And yet Sky1’s Sunday-night comedy has been a success. Raved about by critics, it pulls in an average of 1.2 million viewers, a great ratings figure for a non-terrestrial channel.
That’s partly down to the wit of its writing team, the comedians behind the similarly smart/silly Horrible Histories, and partly because Yonderland is at the forefront of a heartening new commissioning trend, away from kid-specific programming and towards all-inclusive family entertainment.
It’s a phenomenon whose roots lie in Russell T Davies’s finely-tuned rebooting of Doctor Who in 2005, though, that aside, for most of the Noughties the only shows that could be considered genuinely “all ages” were those produced by Simon Cowell. Meanwhile, the proliferation of children’s channels from CBeebies to Nick Jr meant that children, freed from the supposed tyranny of children’s hours, could watch programmes aimed at them whenever they wanted.
In theory, this was a great idea. In practice, it meant that parents parked their kids in front of the gogglebox and got on with making tea. Factor-in the shift towards very-small-screen, solo viewing on laptops and tablets, and it seemed that television as a communal household experience was doomed.
Yet recently the tide has turned again as TV has caught up with cinema in offering shows that can work for different ages at different levels simultaneously. Sky is a leader in this field: as well as Yonderland, they have recently offered a less bawdy version of Chris O’Dowd’s warm-hearted semi-autobiographical comedy-drama Moone Boy on Sundays, with certain scenes and lines removed to make it more suitable for children.
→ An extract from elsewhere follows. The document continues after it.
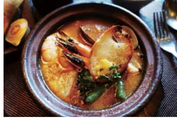
魚介たっぷりブイヤベース

They’ve also been showing the witty but wholesome mockumentary Modern Family since 2009 and continue to air the longest-running family show of them all, The Simpsons.
Meanwhile, the BBC has capitalised on the post-Who appetite for family adventures with the likes of Merlin and Atlantis while ITV has rescued the all-ages genre of light entertainment from the reality TV doldrums with Ant and Dec’s supremely watchable Saturday Night Takeaway, a programme whose popularity has resulted in a spin-off, live arena tour, scheduled for next year.
Even specialised children’s channels have broadened their horizons. CBBC’s Horrible Histories may have ended but it continues to produce clever children’s dramas: Wolfblood, a supernatural series about young werewolves, was repeated on BBC3 and has been compared to Buffy the Vampire Slayer. In addition, on the animation front, Disney’s witty Phineas and Ferb offers jokes for both children and adults and Cartoon Network’s Adventure Time is a surreal, psychedelic fantasy that offers weary parents a respite from the endless shouting of Dora the Explorer.
And now the family TV boom is set to grow bigger, as the giants of online TV enter the fray. Following the adults-only successes of House of Cards and Orange is the New Black, Netflix has taken its first step into high-quality original programming for all the family by signing a deal with animation giants DreamWorks; the first fruit of this collaboration, animated series Turbo FAST, based on the recent Hollywood film Turbo, arrives on Christmas Eve. Not to be outdone, Amazon recently ordered three children’s series to full season, out of five series in total, as part of its move into TV production, including the inventive science-based series AnneBots. Pilots for all three are available to watch on LoveFilm now, with more episodes coming next year.
So why is family entertainment suddenly all the rage? Perhaps it’s down to an onrush of nostalgia among TV execs. “When I was a child there weren’t bespoke channels for children and so my viewing experience was more about watching anything and everything alongside my parents,” explains Adam MacDonald, Sky1’s director of programming. “Now children can have their own worlds but you don’t want to lose that feeling of watching television together and because of that we looked for shows with cross-generational appeal.”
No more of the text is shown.